I have two tables in pandas:
df1: Containing User IDs and IP_Addresses for 150K users.
|---------------|---------------|
| User_ID | IP_Address |
|---------------|---------------|
| U1 | 732758368.8 |
| U2 | 350311387.9 |
| U3 | 2621473820 |
|---------------|---------------|
df2: Containing IP Address range and country it belongs to, 139K records
|---------------|-----------------|------------------|
| Country | Lower_Bound_IP | Upper_Bound_IP |
|---------------|-----------------|------------------|
| Australia | 1023787008 | 1023791103 |
| USA | 3638734848 | 3638738943 |
| Australia | 3224798976 | 3224799231 |
| Poland | 1539721728 | 1539721983 |
|---------------|-----------------|------------------|
My objective is to create a country column in df1 such that IP_Address of df1 lies between the range of Lower_Bound_IP and Upper_Bound_IP of that country in df2.

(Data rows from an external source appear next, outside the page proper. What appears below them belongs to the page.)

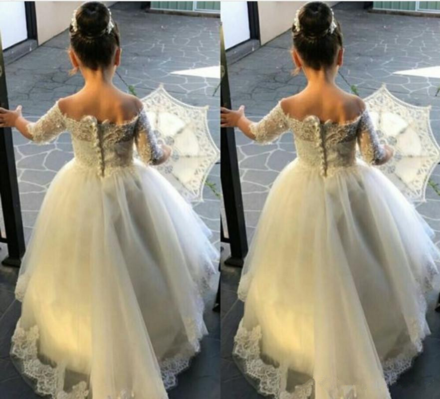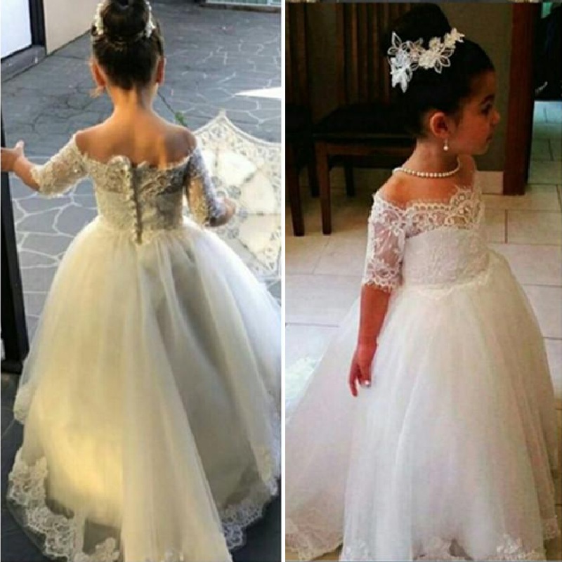 Princess Flower Girls Dresses For Weddings Half Sleeves White Off the Shoulder Girl Dresses Lace Appliques Kids Party Gown
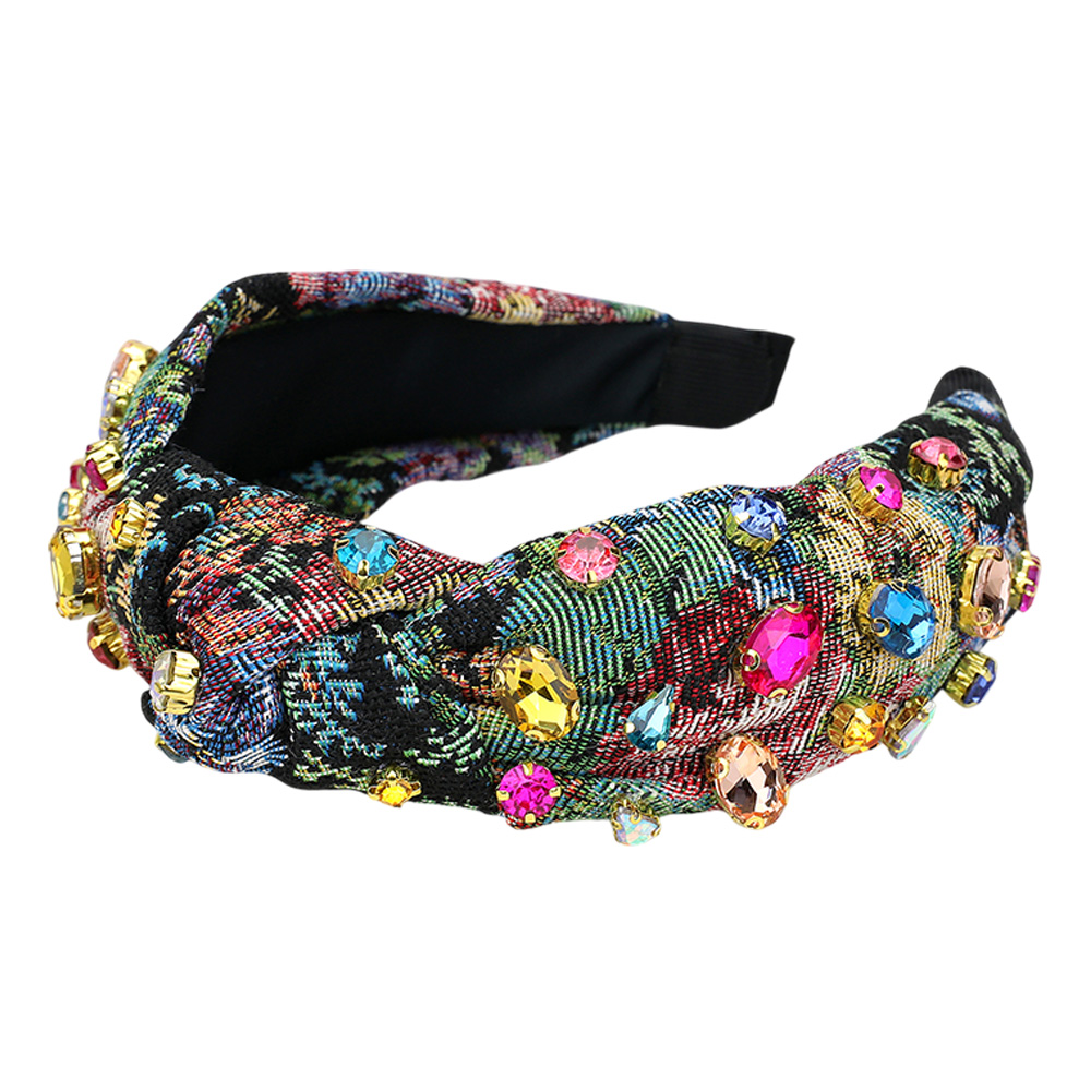 Details • Size : 1.75" H • Shine with elegance wearing this gem-embellished embroidered braided headband. Designed with intricate woven patterns and radiant embellishments, it adds a luxurious statement to any outfit, perfect for elevating casual ensembles or completing refined evening looks.
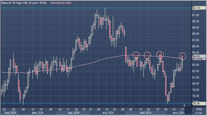 Для котировок нефти Brent текущее значение 200-дневной МА приходится практически на уровень 84 доллара за баррель. С 1 мая наблюдается четвертая попытка закрепиться выше средней цены за 200 дней. Предыдущие три были неудачными.
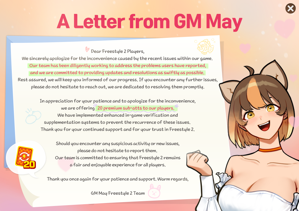 As a token of our gratitude for your continued support and patience, we're excited to offer each of our players 20 Premium Sub-atts! It's a small gesture of our commitment to your gaming experience.
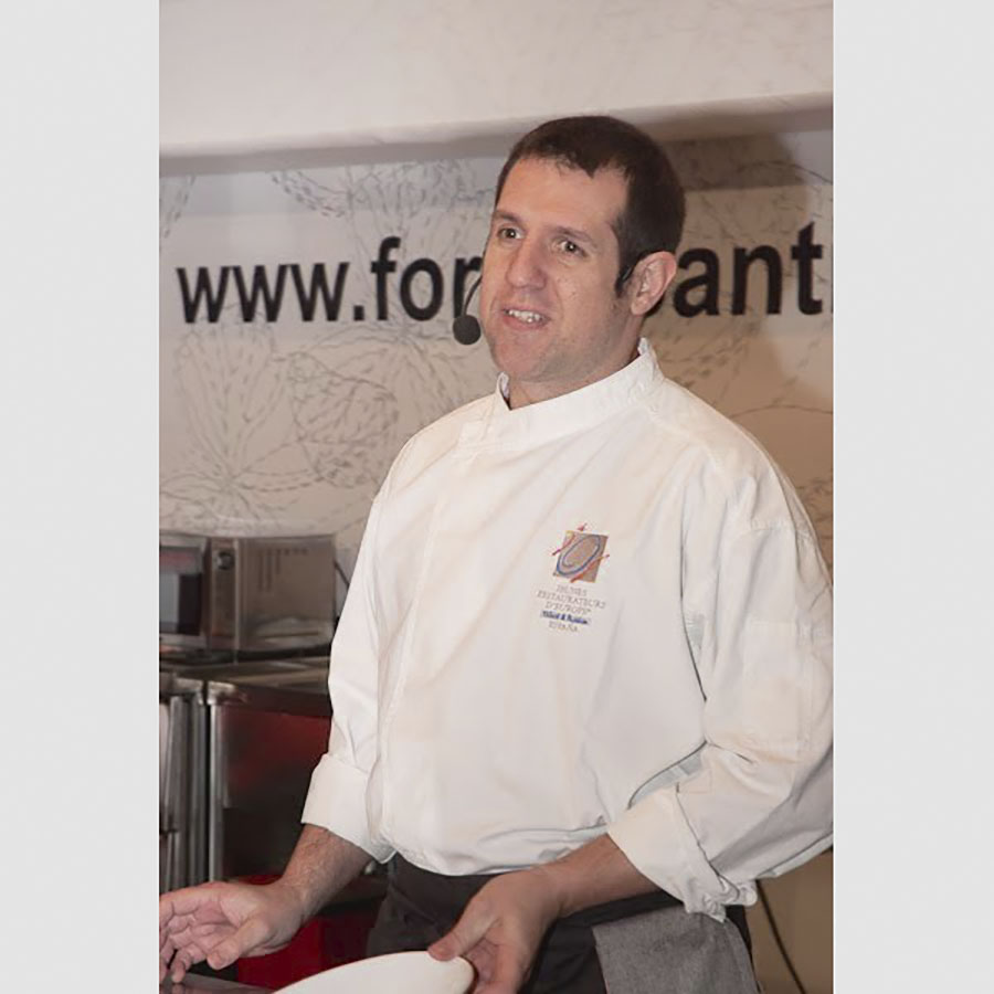 Andrés Conde -antiguo jefe de partida de elBulli– montó un sofisticado postre a base de salsa de chocolate, bizcocho de almendra y azahar, caramelo relleno de praliné de nuez, trozos de manzana osmotizada en moscatel y albahaca, crujiente de almendras y miel, helado de leche de oveja… Entre el público se encontraba Miki Álvarez (compañero de elBulli) y fue el encargado de hacer la cata.
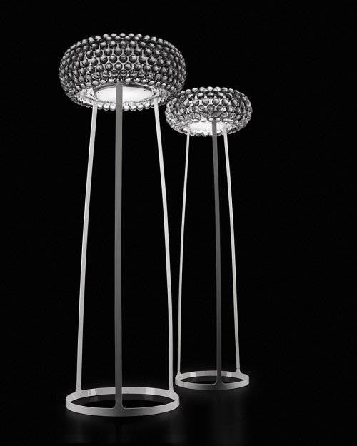Caboche lampen er en mosaik af brydninger, en perfekt sammensmeltning af forskellige personligheder i én form. En lille juvel af kreativitet og teknologi. Caboche standerlampen fås i transparent eller gylden med stel i hvid pulverlakeret stål.
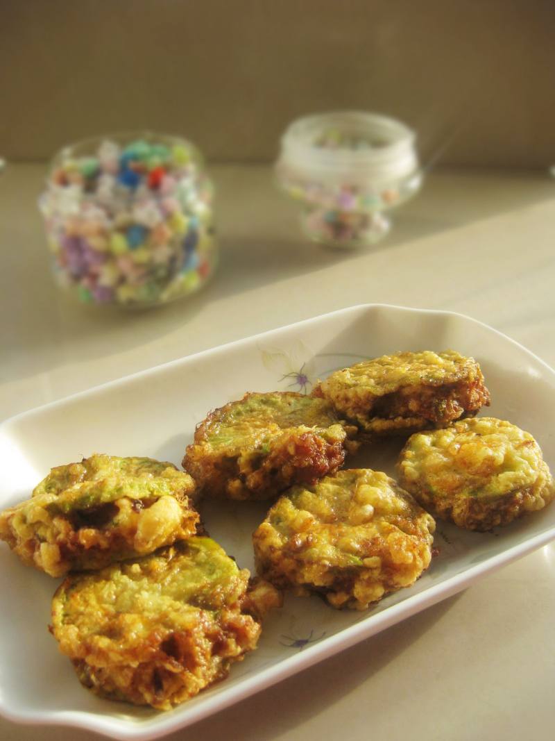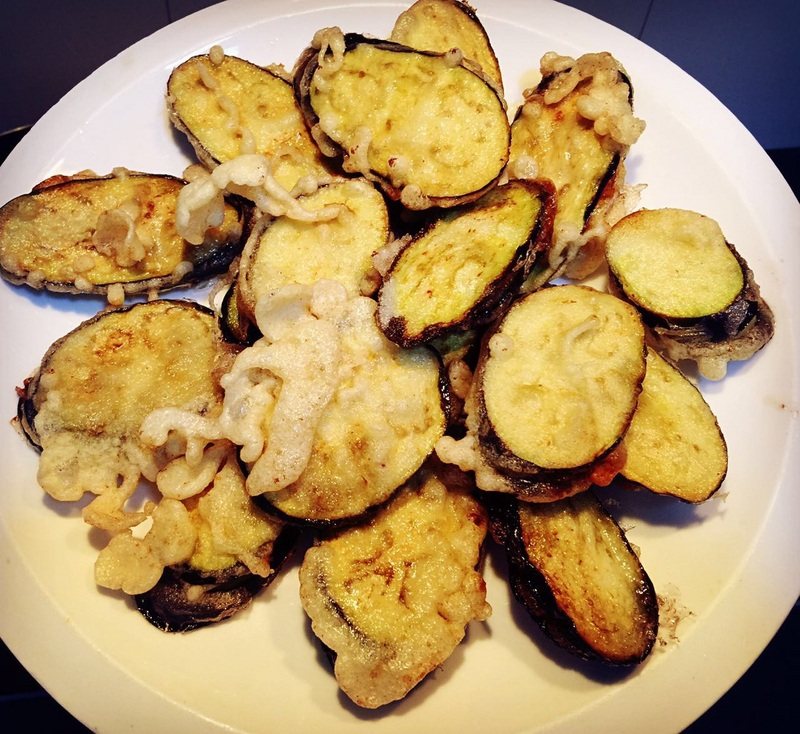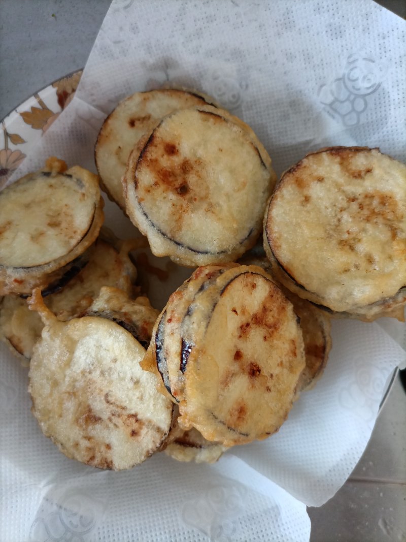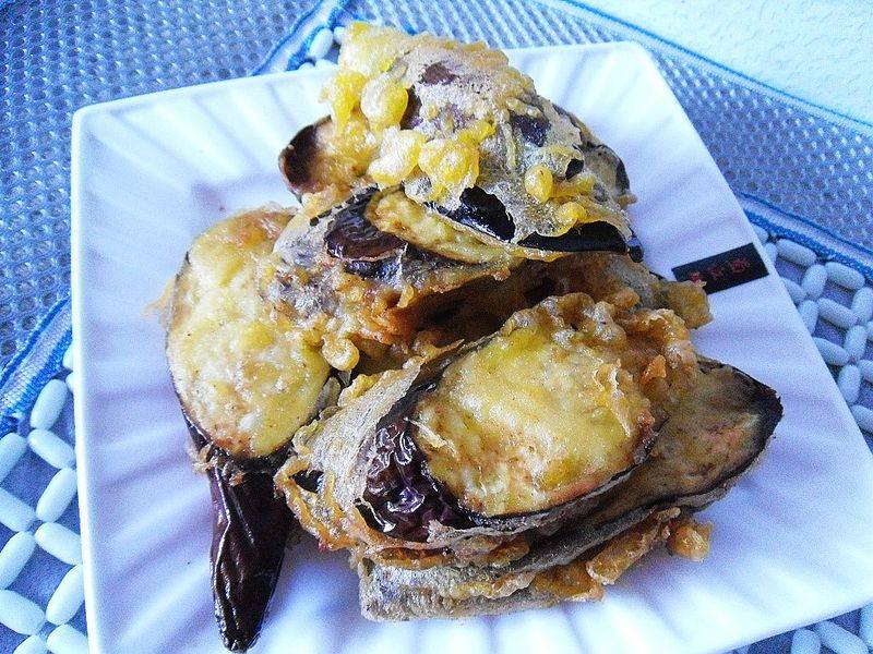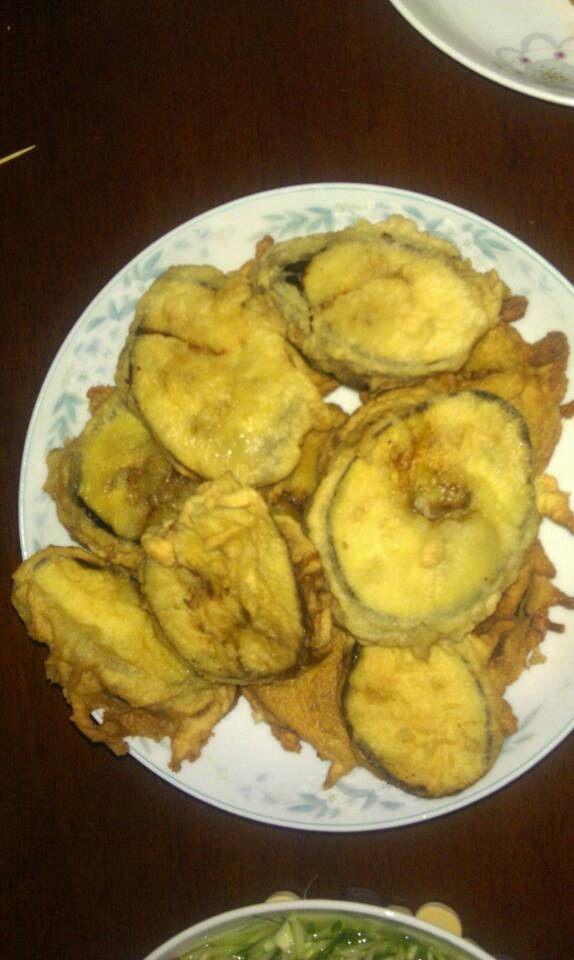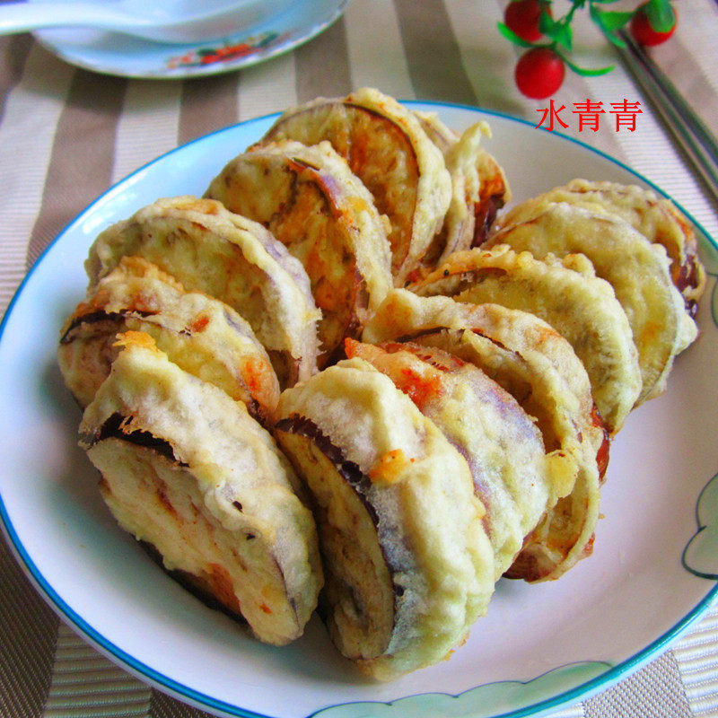 8:夹了肉的茄子裹上面糊进油锅炸,看起来不错吧!要趁热吃还是脆的呢

|---------------|---------------|---------------|
| User_ID | IP_Address | Country |
|---------------|---------------|---------------|
| U1 | 732758368.8 | Indonesia |
| U2 | 350311387.9 | Australia |
| U3 | 2621473820 | Albania |
|---------------|---------------|---------------|
My first approach was to do a cross join (cartesian product) of the two tables and then filter to the relevant records. However, a cross join using pandas.merge() is not feasible, since it will create 21 billion records. The code crashes every time. Could you please suggest an alternative solution which is feasible?